The StorageMojo take
I’m asking the question, not answering it. License T&C’s are important, but if the bottom line is that CDDL is incompatible with GPL, will Oracle be able to fix that? Will they want to?
Or does Linux really need AZFS – Almost ZFS?
Courteous comments welcome, of course.
Chris Mason says yes:
http://article.gmane.org/gmane.comp.file-systems.btrfs/2880/match=sun+oracle
🙂
NIHFS (not-invented-here FS) would be a better characterization. Somehow OS X and FreeBSD managed to use ZFS.
Although the two filesystems’ feature set overlaps quite a bit. I think that even if the licensing wasn’t a problem integrating ZFS into the Linux kernel would still prove to be a challenge. Both technically and politically.
Btrfs got to where it is so quickly b/c it is building on mature kernel features. For instance it’s using the same device mapping code for RAID and block abstraction that Linux’s software RAID and LVM are based on. Which is why it was merged into the mainline kernel so quickly.
So while the end goal may be similar at the end of the day Btrfs is a better fit for Linux. That’s not to say that ZFS on Linux will never happen.
yes — as http://thread.gmane.org/gmane.comp.file-systems.btrfs/2880 notes —
‘the core kernel developers have already stated that ZFS is a “rampant layering violation” and otherwise indicated they do not want ZFS in the Linux kernel, whereas BtrFS has gotten a much more positive response. It may well be that on the /Oracle/ side, the political and technical problems with porting ZFS are smaller than those with finishing BtrFS, but if the kernel developers wouldn’t accept it, _any_ money and effort spent on it would be wasted money and effort.’
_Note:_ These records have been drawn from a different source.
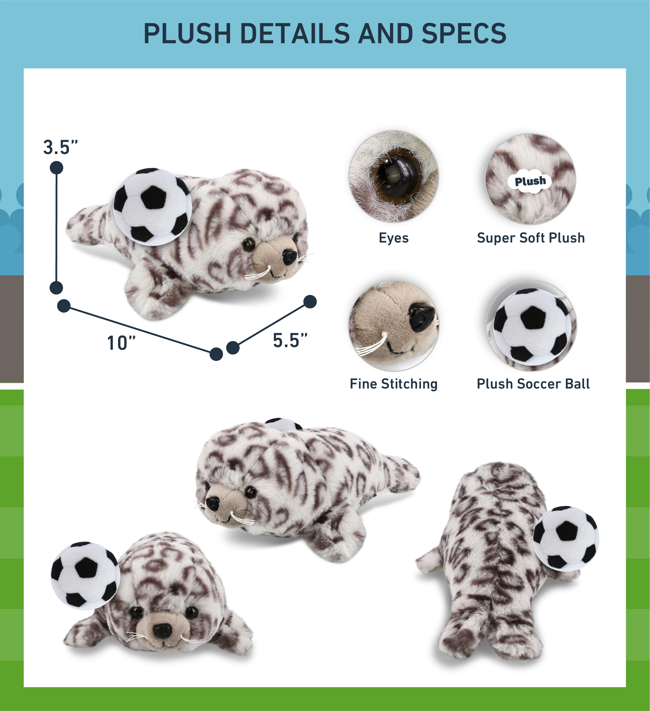 - INCLUDED WITH THE PURCHASE OF ADORABLE CUTE SEAL PLUSH – Includes 1 DolliBu Seal Super Soft Plush with a soccer ball plush, decorated with realistic features of cute seal. The seal body with a sports gift ball plush makes the plush perfect for cuddles. The seal plush toy features details like its characteristic flippers. The seal eyes make the critter so charming. The cute plush toy buddy measures 10LX5.5WX3.5H inches.
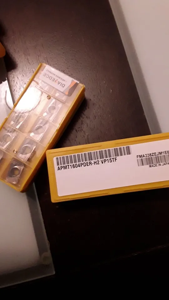Продавец отправил сразу же, а также доставка была быстрой. Вставки, которые я получил, не повреждены, запечатаны этикеткой, на которой написаны материалы Diaedge Mitsubishi, необычная вещь в том, что на задней стороне не сообщается информация о параметрах резки Vc Ap Fz, укажите, какие материалы вы можете использовать. Я запросил объяснения продавцу, и единственный ответ, который я дал, был: это сталь Я снова спрашивал характерные параметры, но мои сообщения были игнорированы. Отношение продавца вызывает много беспокойства о том, что вставки, вероятно, не являются оригинальным брендом, для которого есть spacciati. Как только у меня появится мода, попробуйте их, я добавлю больше деталей
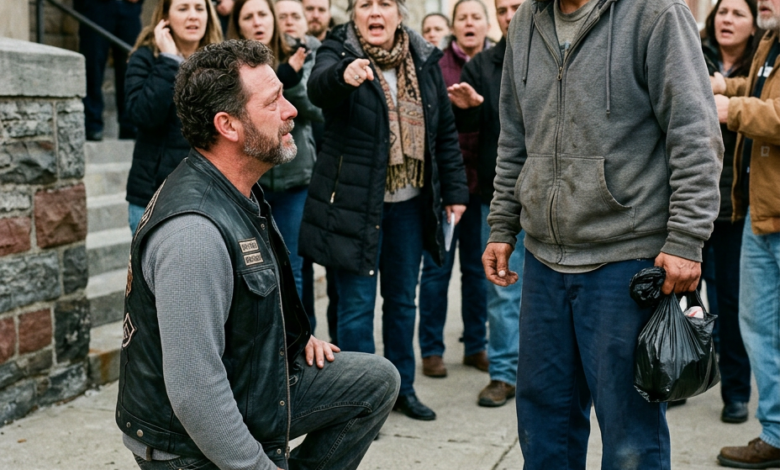 The Biker Who Knelt in the Supermarket — And the Truth That Silenced the Crowd

“ZFS is a “rampant layering violation—
Funny how this is always brought up, when btrfs itself is a “rampant layering violation” by the same definition.
What comes to AZFS aka as btrfs: It will take many years for btrfs to be trusted in. Some people even nowadays don’t fully trust ZFS, and it has been out for several years.
It will take Linux many many years to get there where ZFS is today, and ZFS is not standing still.
There are many projects at Sun/Opensolaris.org that build on top of ZFS. Just look at the COMSTAR project, or the ASM project. There is absolutely nothing comparable over at the Linux camp.
Anyway, I wish btrfs good luck. There are cases, where I’m not able to use a professional OS (namly Solaris) and have to use a toy OS. So a better Filesystem than the current mess available is welcomed.
ZFS does great things because it violates layers. The ZFS dev team realized the need to violate layers, and discusses this issue in several interviews and documents. Any attempt to clone ZFS will need to violate layers, too.
If layers are sacred, Linux kernel developers must remove TCP/IP — the protocol violates layers in several places, regardless of implementation. I’ll hold my breath while waiting for that announcement.
I have asked my colleagues about it and prevalent opinion is that port of ZFS to Linux is not easier than finishing and fixing BTRFS to be production ready. And the result will be probably better (layered design instead of a monolithic monster ZFS is; have you heard about Do One Thing And Do It Well philosophy?)
@Matěj Cepl
Of course ZFS is not monolithic. The layers are just in a different place, where they make more sense.
The importance of “layer violations” or cross-layer optimizations as it is better known has been well known as early as when WAFL integrated RAID knowledge into the filesystem layer.
RDMA, is another example from the networking world.
In any case, if someone’s experienced storage performance issues long enough, the benefits/performance gains of cross-layer optimizations dont take long to get one’s head around.
I am actually surprised that btrfs uses the software raid layer already existing in the kernel, with its inefficiencies to handle larger loads. If I can get some spare time this week, I’ll post some figures from a study I did last year on the md module performance in linux.
ZFS (and its clones) are interesting in that they are the realization of everything we all wanted in a single node Unix file system ten years ago.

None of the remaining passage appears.